_What is expected_. Reproduce every line of the data, exactly and without its pictures.
-------- Given material --------
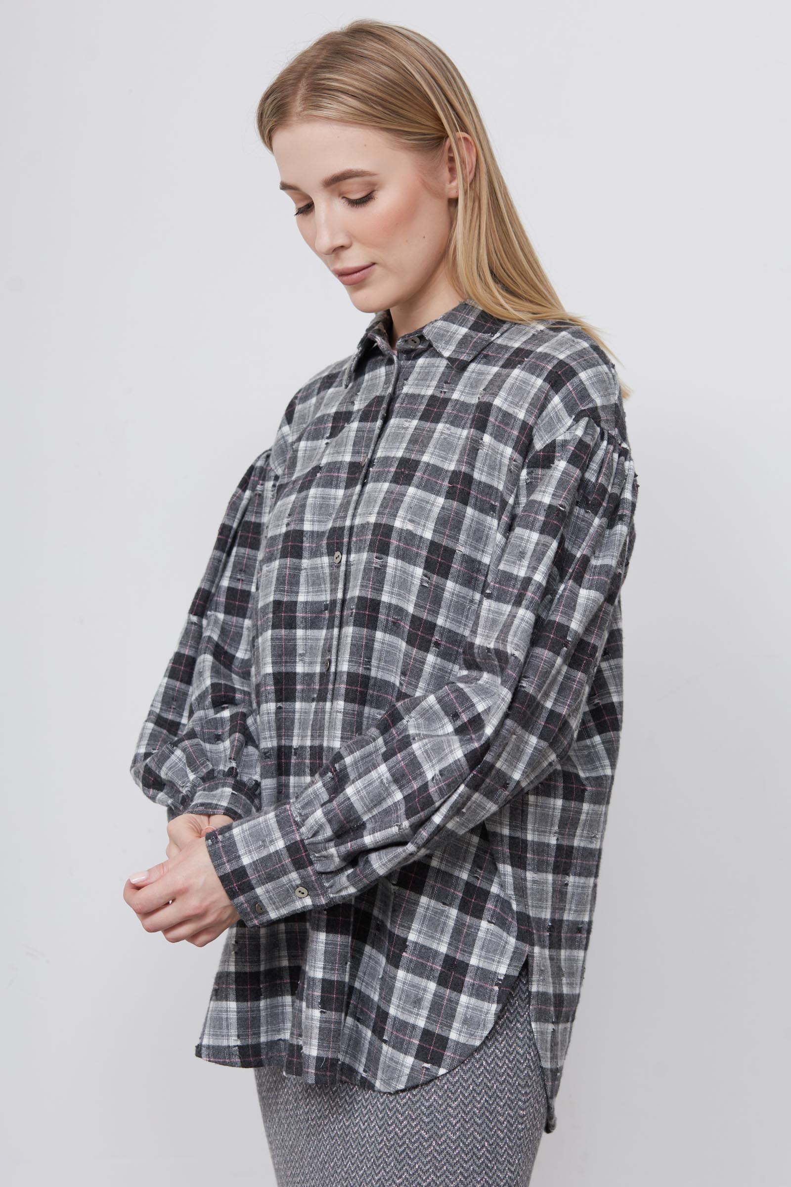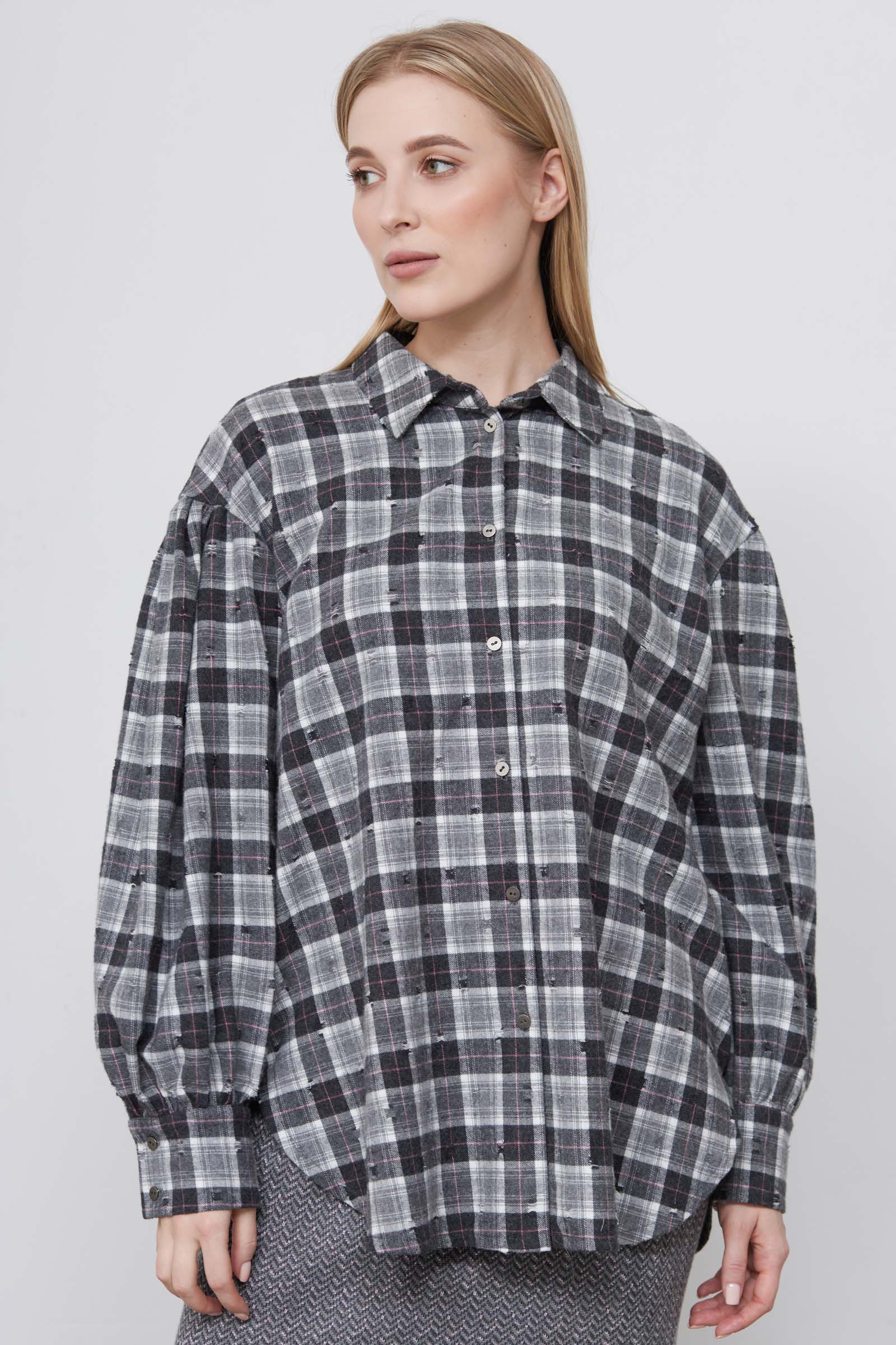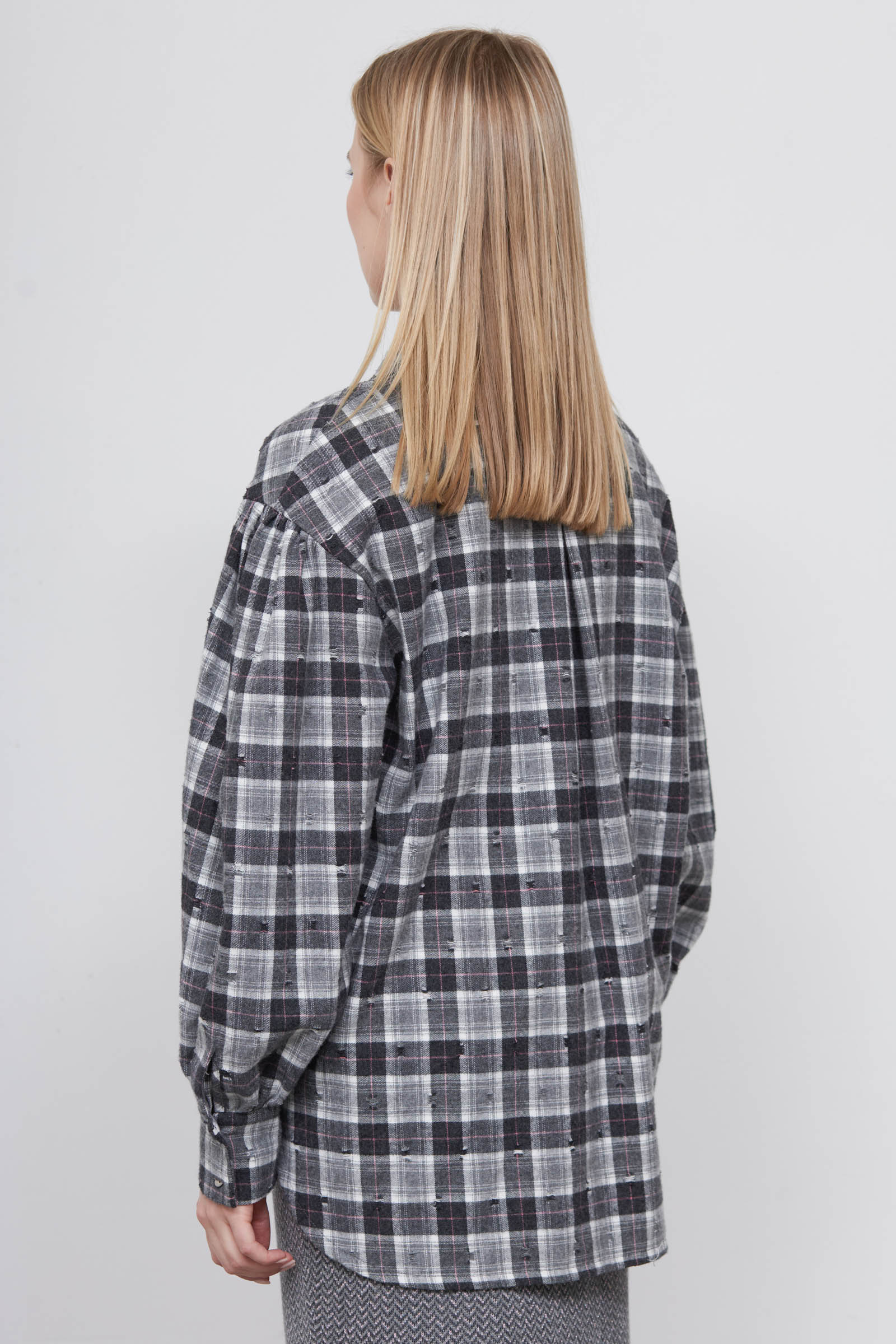 Фланелевая рубашка oversize в клетку с декоративными потертостями и рукавами буфами.
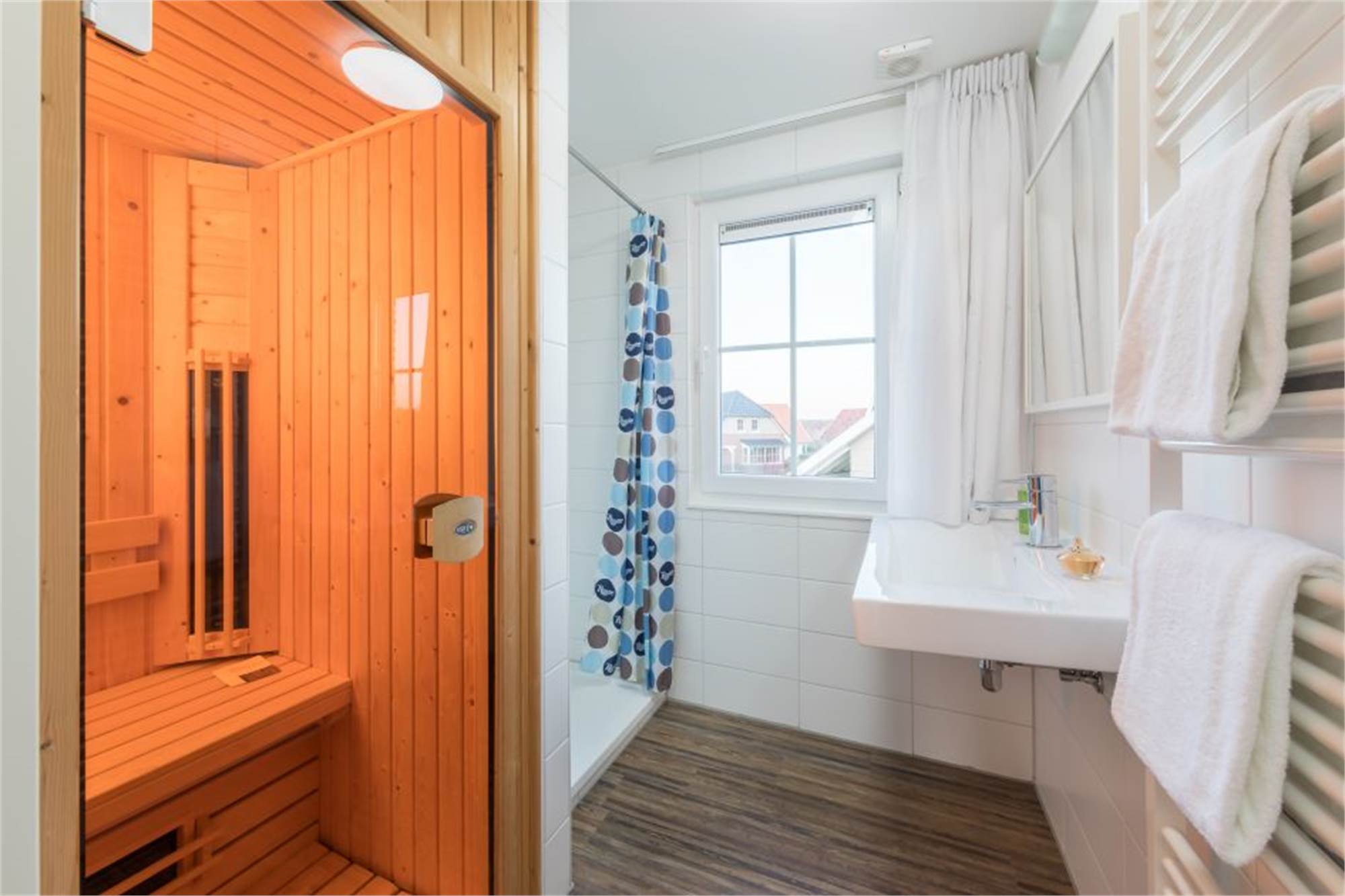 Diese freistehende luxuriöse Villa im Ferienpark Résidence Klein Vink eignet sich für 8 Personen. Durch den Flur gelangen Sie in das helle Wohnzimmer mit Flügeltüren zur Terrasse. Die Küche ist mit hochwertigen Einbaugeräten, einschließlich Geschirrspüler, ausgestattet. Im Erdgeschoss gibt es ein Schlafzimmer mit zwei Einzelbetten und einem Ensuite Badezimmer. Im Obergeschoss finden Sie drei gemütliche Schlafzimmer mit jeweils zwei Einzelbetten sowie zwei Badezimmer, eins mit Dusche und Badewanne und eins mitD Dusche.. Sowohl im Erdgeschoss als auch im Obergeschoss gibt es eine separate Toilette. Im Abstellraum befindet sich eine Waschmaschine. Sie haben die Möglichkeit WiFi gratis zu nutzen.
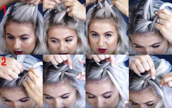 - Отделить прядь у лба, разделить пополам и скрестить половинки между собой.
--------
_Response to this task_.
 Фланелевая рубашка oversize в клетку с декоративными потертостями и рукавами буфами.
 Diese freistehende luxuriöse Villa im Ferienpark Résidence Klein Vink eignet sich für 8 Personen. Durch den Flur gelangen Sie in das helle Wohnzimmer mit Flügeltüren zur Terrasse. Die Küche ist mit hochwertigen Einbaugeräten, einschließlich Geschirrspüler, ausgestattet. Im Erdgeschoss gibt es ein Schlafzimmer mit zwei Einzelbetten und einem Ensuite Badezimmer. Im Obergeschoss finden Sie drei gemütliche Schlafzimmer mit jeweils zwei Einzelbetten sowie zwei Badezimmer, eins mit Dusche und Badewanne und eins mitD Dusche.. Sowohl im Erdgeschoss als auch im Obergeschoss gibt es eine separate Toilette. Im Abstellraum befindet sich eine Waschmaschine. Sie haben die Möglichkeit WiFi gratis zu nutzen.
 - Отделить прядь у лба, разделить пополам и скрестить половинки между собой.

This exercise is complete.